En Italie, les années passées à l’étranger sont également bien mieux reconnues qu’elles ne le sont en France. À l’issue de son séjour, le lycéen reçoit un certificat, qui lui permet d’être réintégré dans sa classe ou dans la classe suivante, s’il part pour une longue période – par exemple, pendant un an. Ce certificat est d’ailleurs traduit en italien et validé par le consulat général d’Italie du pays dans lequel le lycéen a passé sa période d’études. L’élève peut également rattraper une partie des programmes non réalisés, si le décalage entre ce qu’il a pu étudier dans le pays étranger et ce que les élèves italiens ont étudié est trop important.

En Suède, le lycéen doit discuter de son projet d’étudier à l’étranger avec un conseiller d’orientation ou son professeur principal. Au terme du séjour, il peut faire valider son année, en fournissant un relevé de notes incluant un descriptif des cours ainsi que des appréciations de ses professeurs à l’étranger. Selon le degré de correspondance des matières étudiées en Suède et à l’étranger, il obtiendra la validation intégrale de son cursus effectué à l’étranger ou une équivalence partielle, assortie d’épreuves pour valider certaines connaissances.

De même, en Belgique, les autorités prévoient une validation des connaissances acquises à l’étranger par l’école, dès que l’élève passe un mois à l’étranger – bel exemple d’un pays qui valorise les dispositifs d’échange.

Au Brésil, enfin, l’année d’études à l’étranger est homologable. Le lycéen ou le collégien doit demander un certificat qui décrit les cours suivis et le parcours qu’il a effectué dans le pays étranger. Le document est, là aussi, transmis pour validation au consulat brésilien du pays concerné.
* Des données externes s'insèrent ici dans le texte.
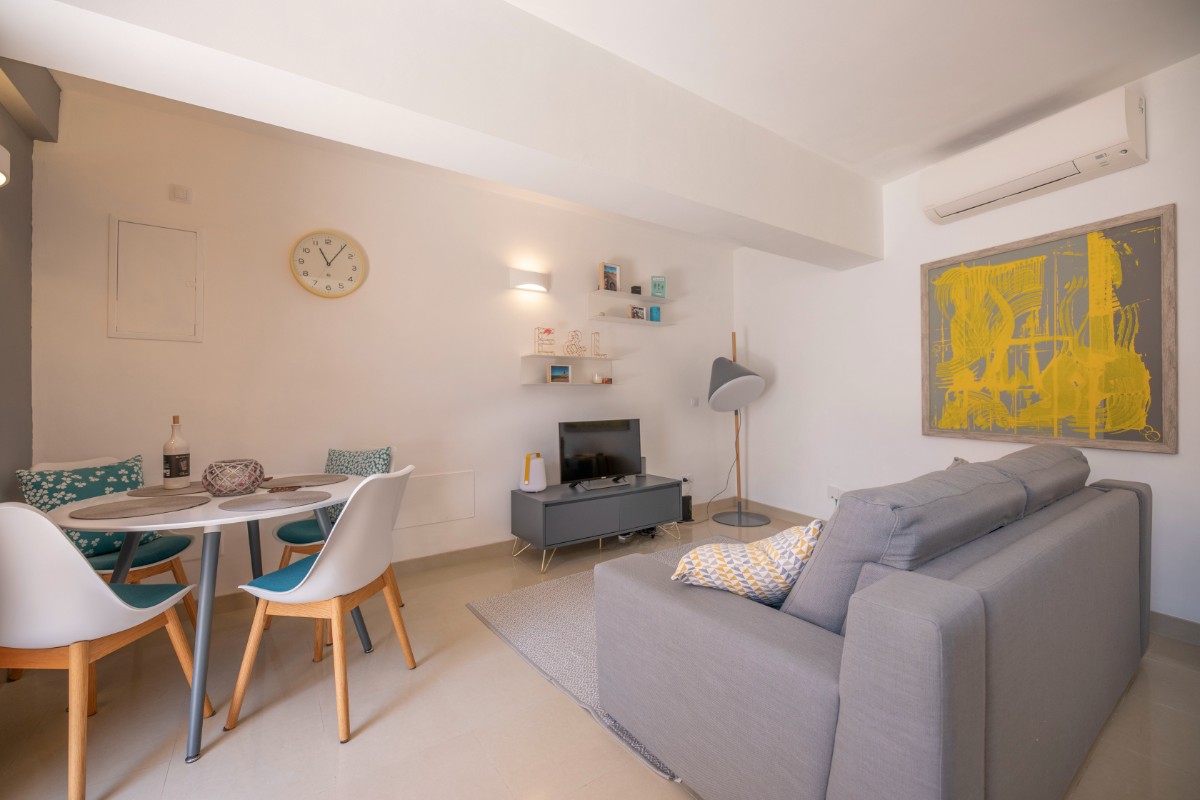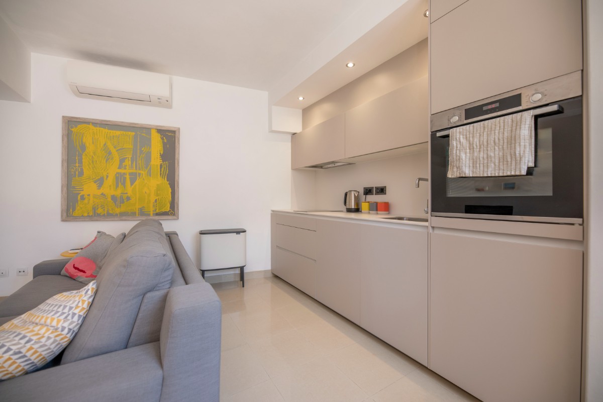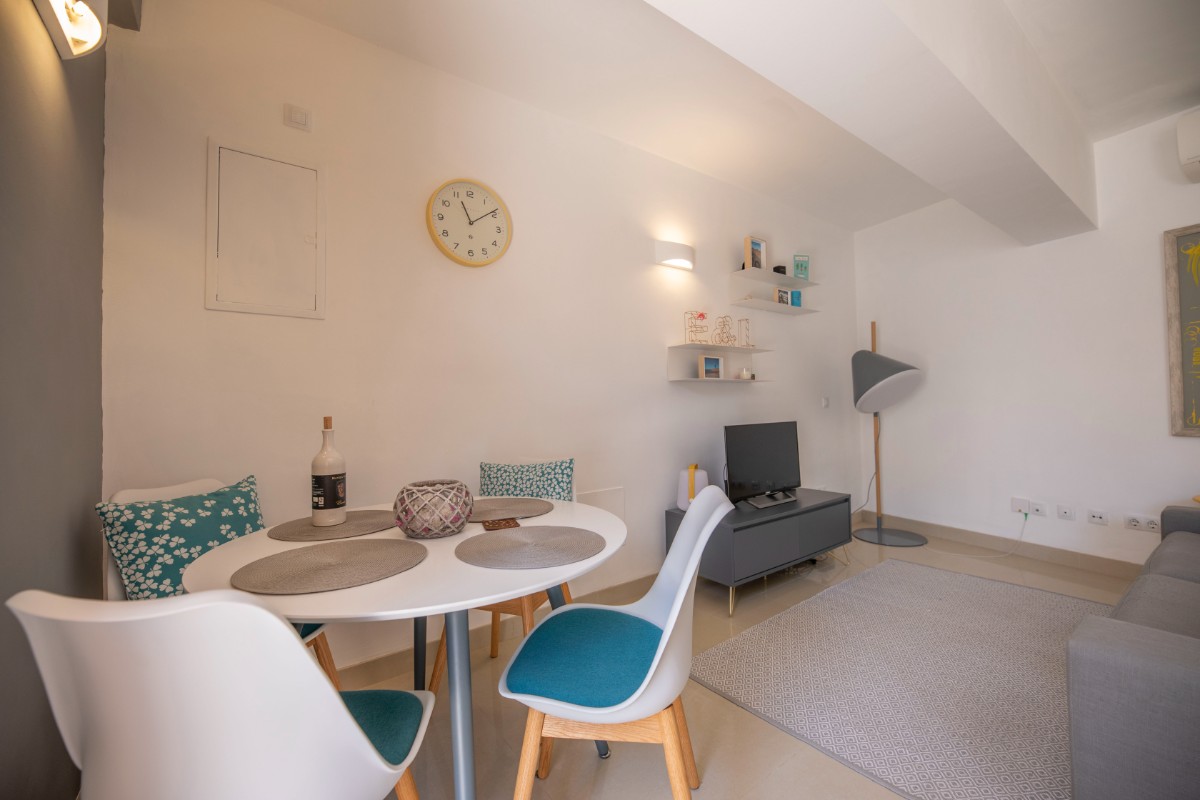 Diese Wohnung befindet sich im Erdgeschoss eines kleinen Gebäudes mit weiteren 4 Wohneinheiten. Die Wohnung ist in perfektem Zustand und verfügt über einen Wohnbereich mit offener Küche, ein komplettes Badezimmer und ein Doppel-Schlafzimmer. Es ist in beiden Zimmern mit einer Klimaanlage ausgestattet. Jede der 4 Wohnungen nutzt den Terrassenbereich direkt vor der eigenen Wohnung, da es sich um Gemeinschaftseigentum handelt. Der Bereich vor der zur verkaufenden Wohnung liegt am Ende des Ganges und ist daher sehr ungestört. Die Terrasse ist sehr sonnig und ideal zum Sonnenbaden und Entspannen, nur wenige Meter vom belebtesten Teil des Hafens entfernt.

Ces exemples montrent que la France peut faire beaucoup mieux pour ses ressortissants. Il paraît aujourd’hui indispensable qu’elle mette en place une reconnaissance officielle de ce type d’études et qu’elle établisse une équivalence, attendue par les élèves et leurs parents. Une fois n’est pas coutume, cette proposition de résolution fait confiance au Gouvernement puisqu’elle prévoit qu’un décret en fixe les règles. Il est donc surprenant que certains orateurs, notamment de la majorité, la refusent. Ils semblent par-là ne pas faire confiance au Gouvernement de la majorité, qu’ils soutiennent pourtant.

Au moment où nous nous prononçons sur un tel sujet, nous devrions garder à l’esprit l’intérêt des élèves français et de leurs familles. Une telle proposition de résolution va naturellement dans le bon sens. C’est la raison pour laquelle nous vous demandons, chers collègues, de l’adopter.